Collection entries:
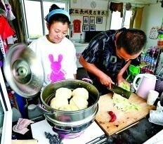 長(zhǎng)城文保員郝中華(右)和妻子霍春玲在家中準(zhǔn)備午飯。齊波攝
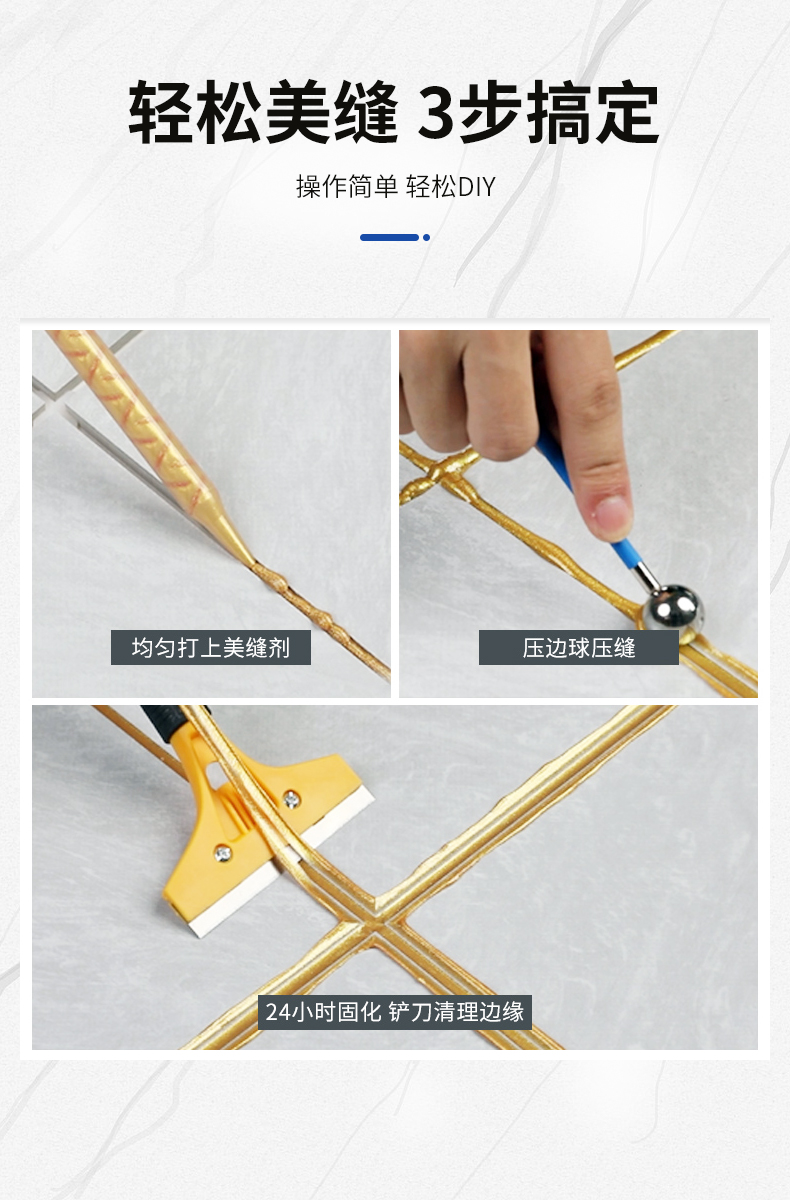 美易涂金装防霉美缝剂拥有独特釉面晶莹亮泽,色彩丰富、鲜艳,色差小。同时还具备防霉效果,使瓷砖缝隙可以拖洗,减少缝隙滋生细菌概率,耐酸碱,耐洗刷,耐水泡,耐油污,稳定性强,不收缩,不开裂,不粉化,绿色环保,无任何有毒气体及重金属,对人体和环境无任何危害。
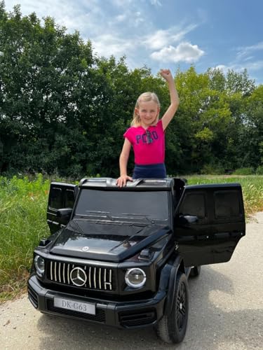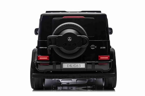 4×4² Kinder Elektroauto 12V 2 sitzer Mercedes AMG G63 G Klasse, schwarz, MP3-Player mit USB/AUX-Eingang, Batterie 12V14Ah, gefederte Eva-Räder, Kunstledersitze, Fernbedienung, Lizenziert
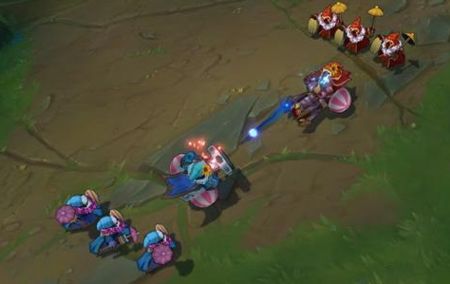 怎么控线:控线一般思路就是只补小兵的最后一刀,如果有几个小兵同时残血可以平A配合技能补刀,这样可以减少漏刀数,还有就是如果对面一堆兵进塔,而我方小兵还没有上线,可以选择用身体抗住兵线不让小兵进塔,因为一旦兵线进塔,防御塔就会很快速的清掉对面小兵,从而兵线就会往对面推。比如下面这种情况,就可以选择用身体卡住小兵,然后稍微向左走位,让小兵跟着你,等到你的小兵到达。
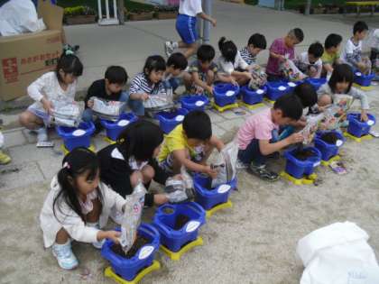 あさがおのたねをまきました。

Work item: Give back exactly the lines from the one containing "美易涂金装防霉美缝剂拥有独特" through the last line above, both included, and none of the pictures.

Your solution:
 美易涂金装防霉美缝剂拥有独特釉面晶莹亮泽,色彩丰富、鲜艳,色差小。同时还具备防霉效果,使瓷砖缝隙可以拖洗,减少缝隙滋生细菌概率,耐酸碱,耐洗刷,耐水泡,耐油污,稳定性强,不收缩,不开裂,不粉化,绿色环保,无任何有毒气体及重金属,对人体和环境无任何危害。
 4×4² Kinder Elektroauto 12V 2 sitzer Mercedes AMG G63 G Klasse, schwarz, MP3-Player mit USB/AUX-Eingang, Batterie 12V14Ah, gefederte Eva-Räder, Kunstledersitze, Fernbedienung, Lizenziert
 怎么控线:控线一般思路就是只补小兵的最后一刀,如果有几个小兵同时残血可以平A配合技能补刀,这样可以减少漏刀数,还有就是如果对面一堆兵进塔,而我方小兵还没有上线,可以选择用身体抗住兵线不让小兵进塔,因为一旦兵线进塔,防御塔就会很快速的清掉对面小兵,从而兵线就会往对面推。比如下面这种情况,就可以选择用身体卡住小兵,然后稍微向左走位,让小兵跟着你,等到你的小兵到达。
 あさがおのたねをまきました。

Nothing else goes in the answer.